Infectious disease expert Paul Griffin said that mistakes were made when then chief health officer Jeannette Young warned Queenslanders under 40 not to have the jab due to deaths from blood clotting.
The clotting side-effects were rare with only two to three people in every 100,000.
“I don’t want an 18-year-old in Queensland dying from a clotting illness who, if they got Covid, probably wouldn’t die. We have had very few deaths due to Covid in Australia in people under the age of 50 and wouldn’t it be terrible that our first 18-year-old in Queensland who dies related to this pandemic, died because of the vaccine,” Ms Young said in August.
Prof Griffin said that lessons could be learned that any comments made to the public about vaccinations can have a huge impact.
“What was said came from a place of concern but it did instil fear into Queenslanders about the vaccine. The new data shows that the vaccine was very efficient in what it was designed for and that was to save masses of lives,” Prof Griffin said.
The University of Oxford’s AstraZeneca was the first vaccine over the line in the race to protect the world from the deadly virus and was the first to be rolled out to elderly Queenslanders.
The new data released by Airfinity, a London-based data firm, shows AstraZeneca saved 6.3 million lives globally followed by Pfizer which saved 5.9 million. The findings build on a study last month estimating that all vaccines saved about 20 million lives in the first year of the campaign, more than half of them in wealthier countries.

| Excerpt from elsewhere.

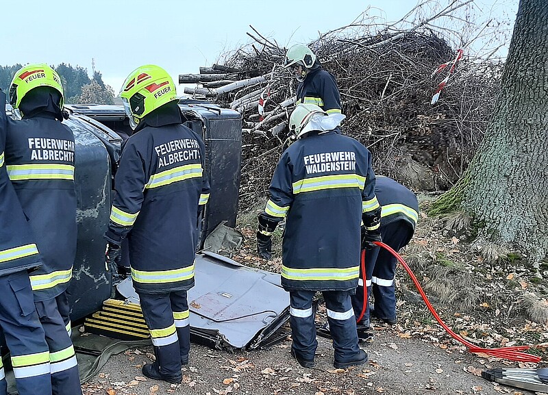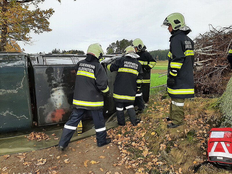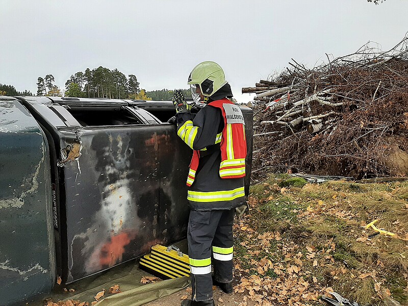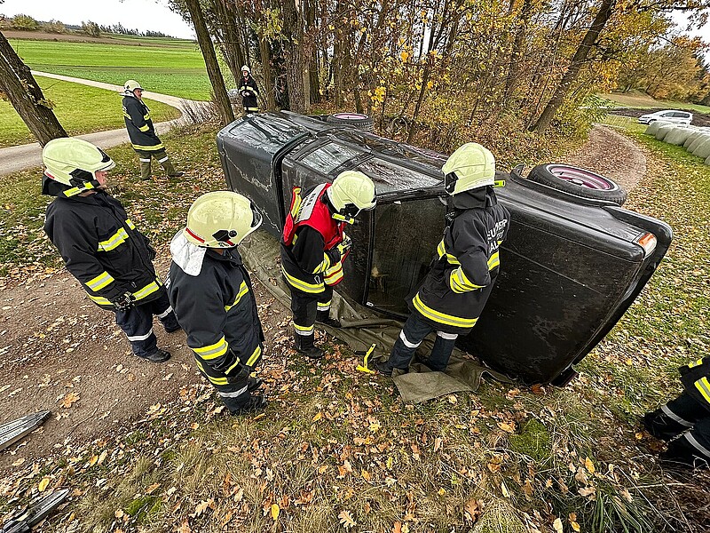 Bei der ersten Erkundung wurde ein auf der Seite liegender PKW vorgefunden, in dem sich drei verletzte Personen befanden, die sich lautstark bemerkbar machten. Unmittelbar neben dem PKW stand ein Holzstoß in Vollbrand, der übergreifen zu drohte. Unmittelbar wurde mit der Brandbekämpfung begonnen um sich dem Fahrzeug besser annähern zu können. Nach sichern des PKWs gegen Umkippen wurde die Menschenrettung durchgeführt. Die geretteten Personen wurden im Anschluss erstversorgt. Zusätzlich wurde von einem Teich und einen Hydranten die Wasserversorgung zur Brandbekämpfung sichergestellt.

Airfinity said the AstraZeneca shot went first to older-age groups in high-income counties and nations with more vulnerable healthcare systems. The firm reported that Sinovac and Moderna vaccines saved two million and 1.7 million lives respectively.
Prof Griffin said that AstraZeneca got a bad name in Australia simply because the vaccine was heavily monitored for safety and any problems were made very transparent.
“Our stringent monitoring in this country is not a failing. It has been a good thing. We can trust our vaccines,” he said.